How hard is it to take two seconds and say you’ll respond later? you think. Then, the longer you wait, you start to worry. What if your friend is cross with you, and your message wasn’t welcome? What if you’ve somehow misinterpreted your relationship with them? What if they’re hurt? While some people mind much less about how quickly a friend responds, many people ride an emotional roller coaster when a message isn’t immediately answered, whether a direct text or a social-media DM. It’s driven by the effect of 24/7 ‘digital availability’, a socially ingrained expectation that a recipient is constantly around and should immediately shoot back a reply. Why do some people get so upset, especially in an age where many people are taking digital detoxes for mental-health breaks, and others are busy juggling life tasks? People still communicate in different ways; some are constantly attached to their phones, while others want to disengage from them for chunks of time. But tensions over reply times may also come down to social norms – or the lack thereof. New developments in digital technology have outpaced the formulation of mutually agreed new communication paradigms, so when a text is sent, we're not all responding according to the same ‘rules’.
A 24-hour burden
The rise of rapid-fire communication technology has bred the expectation of people being always on and constantly available. And we very much are: data from one 2021 survey showed that 30% of Americans say they are ‘almost constantly’ online, especially in the pandemic era. “It’s a combo of mobile being ubiquitous – most people have mobile phones [with] all the platforms of communication, and therefore are capable of responding right away – and that norms are currently changing,” says Jeff Hancock, professor of communication at Stanford University, and director of its Social Media Lab. Simply, there are more ways to get in touch with people than ever, and the pressure to respond has become increasingly normalised, since those platforms of communication are tucked in our pockets, wherever we go. We seemingly always can reply, so we ‘should’.

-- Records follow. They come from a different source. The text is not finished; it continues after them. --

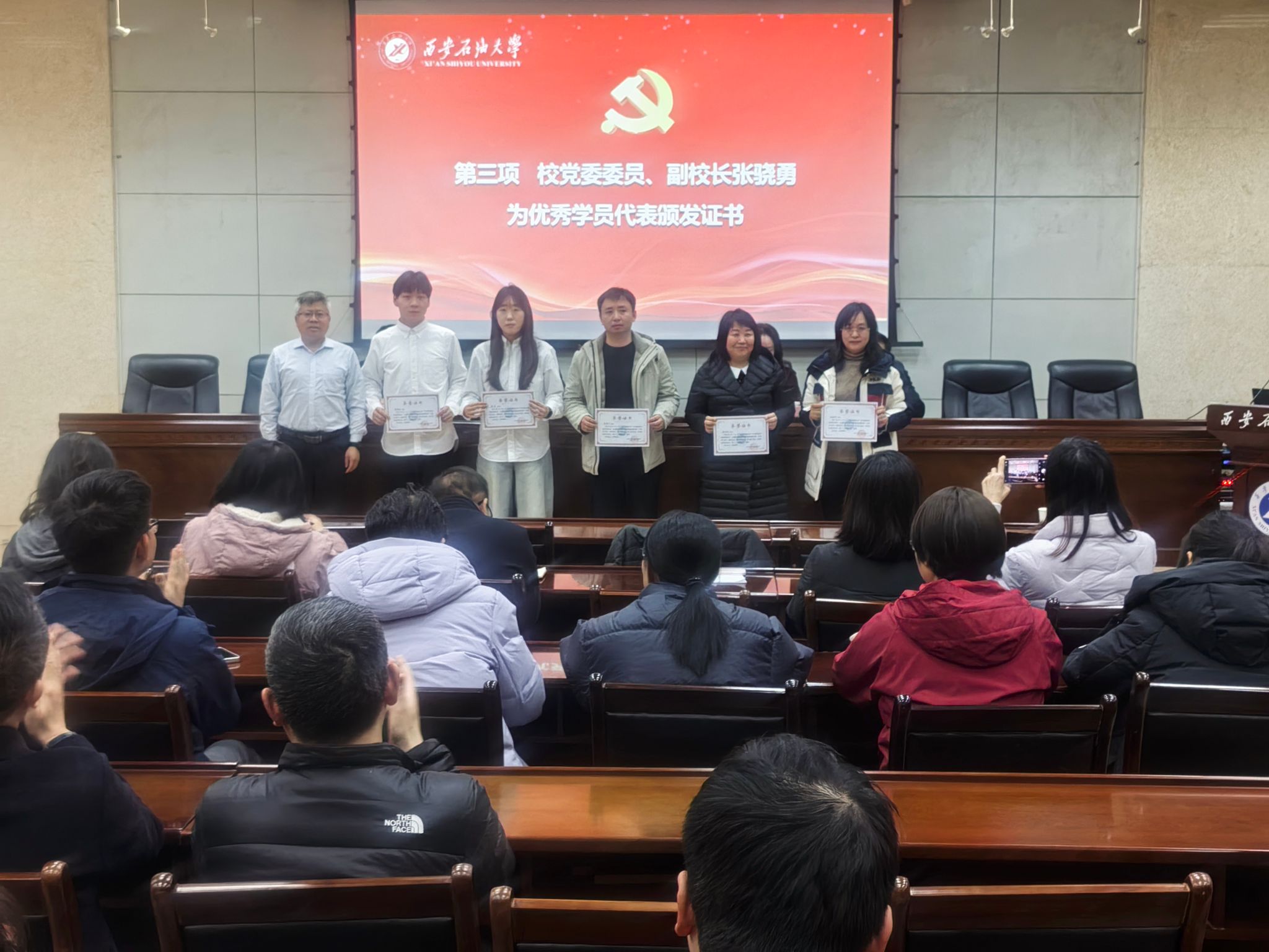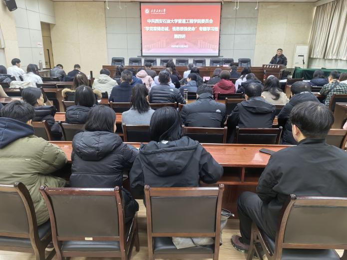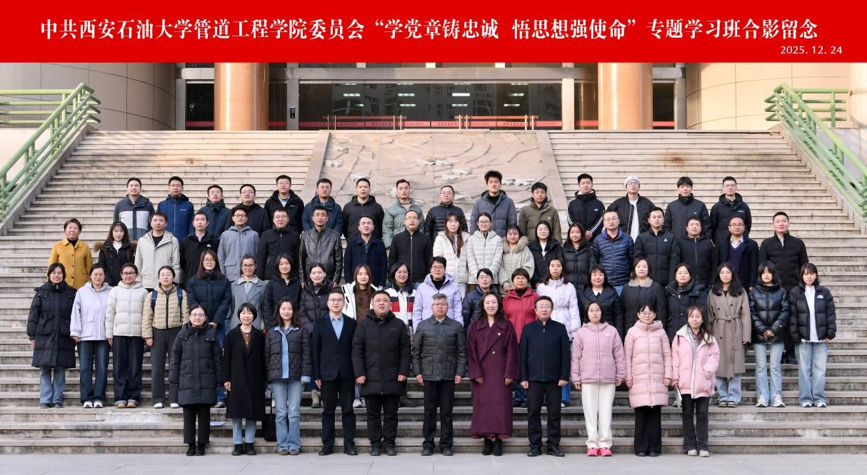 2025年12月24日下午,管道工程學院黨委在雁塔校區(qū)西階第三會議室開展“學黨章鑄忠誠,悟思想強使命”專題學習班第四講暨結業(yè)儀式。校黨委委員、副校長張驍勇出席并作第四講專題報告,學院班子全體成員、全體教工黨員、研究生黨員代表70人參加儀式。儀式由學院黨委副書記高亮主持。
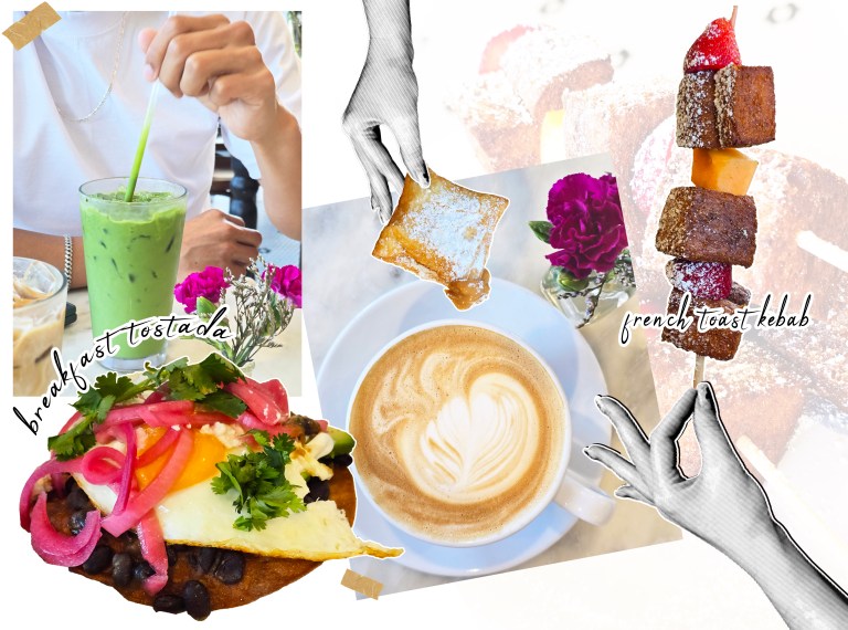 Now, let’s talk about the food… We sipped on a pistachio iced matcha latte (we’ve been deep in our matcha era lately) and a dreamy honey lavender latte that felt like a warm hug in a cup. As always, we had to order the beignets: pillowy, golden, and served with a side of dulce de leche for dipping. It’s the kind of treat that’s become my non-negotiable every time I visit.
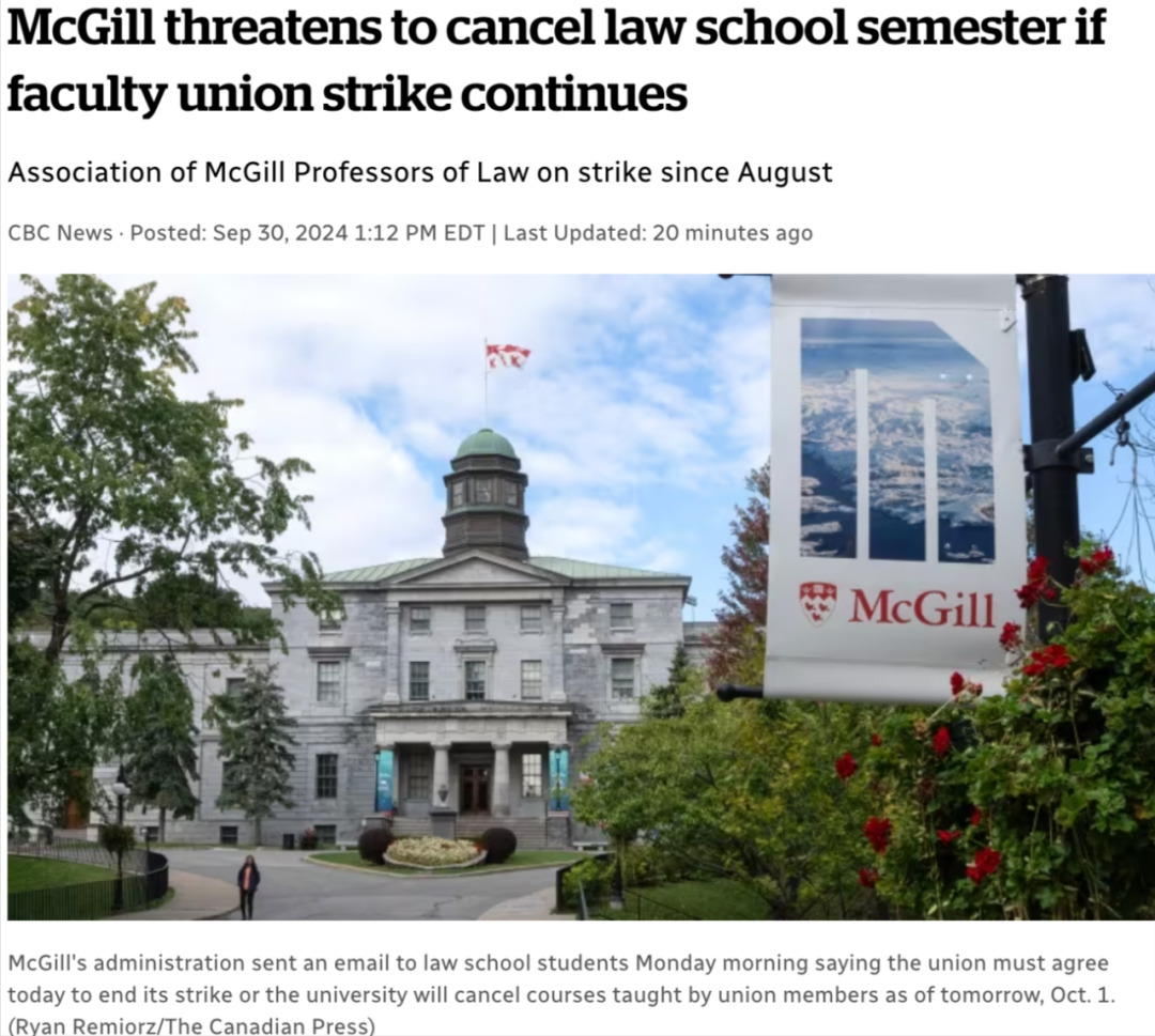 周一上午,校方通过电子邮件通知法学院的学生,若工会不愿意结束罢工,学校将于明天起取消工会成员教授的课程。
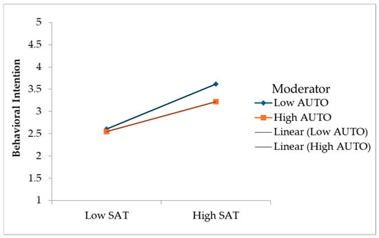Autonomous motivation (AUTO) moderates the relationship between satisfaction (SAT) and behavioral intention to use Moodle (BI).
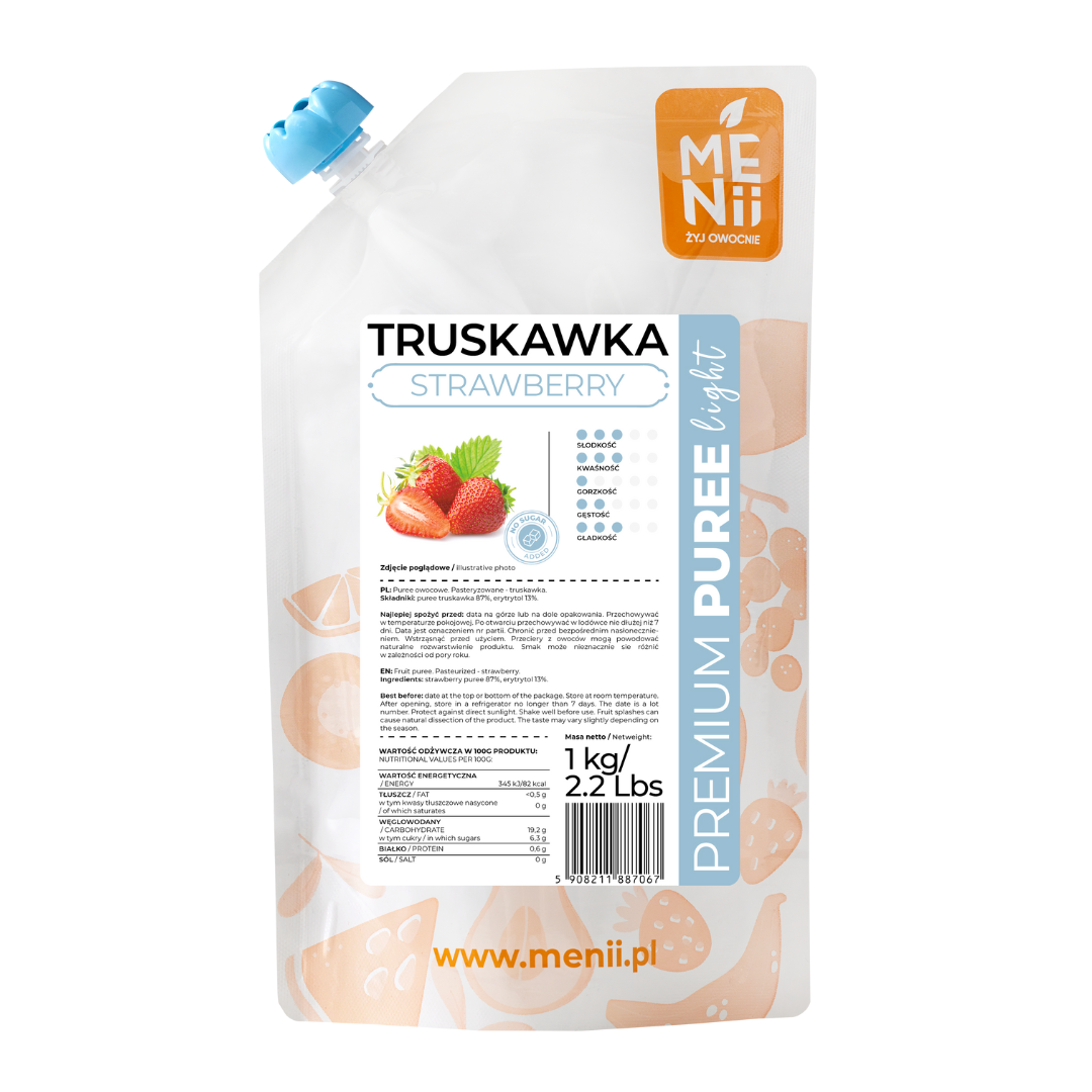 Pulpa owocowa PremiumPuree Menii Truskawka Light 1kg

Plus, the apps and social media platforms on our phones have ingrained 24/7 communication into our daily lives – which is especially the case with the rise of remote work. Speedy responses have become a paradigm in the workplace, since a delay in writing back to the boss reflects poorly on you. So, whether it’s having to respond work messages on Slack, or posting a photo on Instagram and seeing the likes roll in instantly, “we’ve been conditioned into immediate returns”, says Michael Stefanone, professor of communication at the University of Buffalo, US, who specialises in social networks.
A nagging feeling
There are many reasons message-senders can get easily annoyed when their phone doesn’t sound with a rapid reply. Our phones give us an illusion of proximity; a friend in another continent feels only a simple text away. Yet senders don't know what's going on with the person at the other end of their message. So, when a text goes unanswered, “some people get really upset, because they’re projecting their own anxieties” onto the situation, says Hancock. “If I text you and expected a response yesterday, and you don’t respond, I don’t have a lot of information – so I use my imagination. Like, ‘maybe he’s mad at me’; ‘maybe he’s dead’. We don’t have any context.” This can push a sender’s anxiety into overdrive, increasing feelings of bitterness, thinking recipients have their phones on them all day, anyway – why can’t they just respond with a busy now, talk later, if they were happy to see your name pop up on their screen? These negative feelings can amplify when sending something light ¬– think a joke or a meme – which can “seem like a very small act” to the sender, says Coye Cheshire, professor of social psychology at the University of California, Berkeley. It’s easy to expect a quick reply to these inconsequential messages a haha or simple emoji since a recipient doesn’t need to invest much into the response.
Part of what can exacerbate these nagging, uncomfortable feelings is that there’s no widely agreed-upon etiquette for behaviour in a world of 24/7 digital availability; we don’t have a universally accepted consensus on how long people can take to reply to a message before it becomes ‘rude’. This is because technology has “far outpaced our ability to develop norms and expectations”, says Cheshire. He adds that the emergence of new forms of interaction that swap face-to-face verbal communication with nonverbal written cues which have to be deciphered and contextualised with our own imaginations can add to confusion and anxiety. This phenomenon, which has emerged in past 25 years with the rise of the internet, has only become worse with the rise of smartphones in the past decade.
‘Notification norms’
These new challenges can compound differences in communication habits that have existed among people for a long time. For instance, pre-internet, some people would return phone calls or letters promptly, while others would take their time – disparities that might evoke similar frustration to the way we feel about a delayed reply to a message today. Still, some people get more worked up than others. Why? It’s possible some people simply naturally expect a snappy reply because of their nature. Hancock calls these “individual differences in need for communication responses”, with some people wanting faster responses generally. He adds there are also "situational differences”, in which some texts are particularly important for the sender, and drive the feeling of urgency.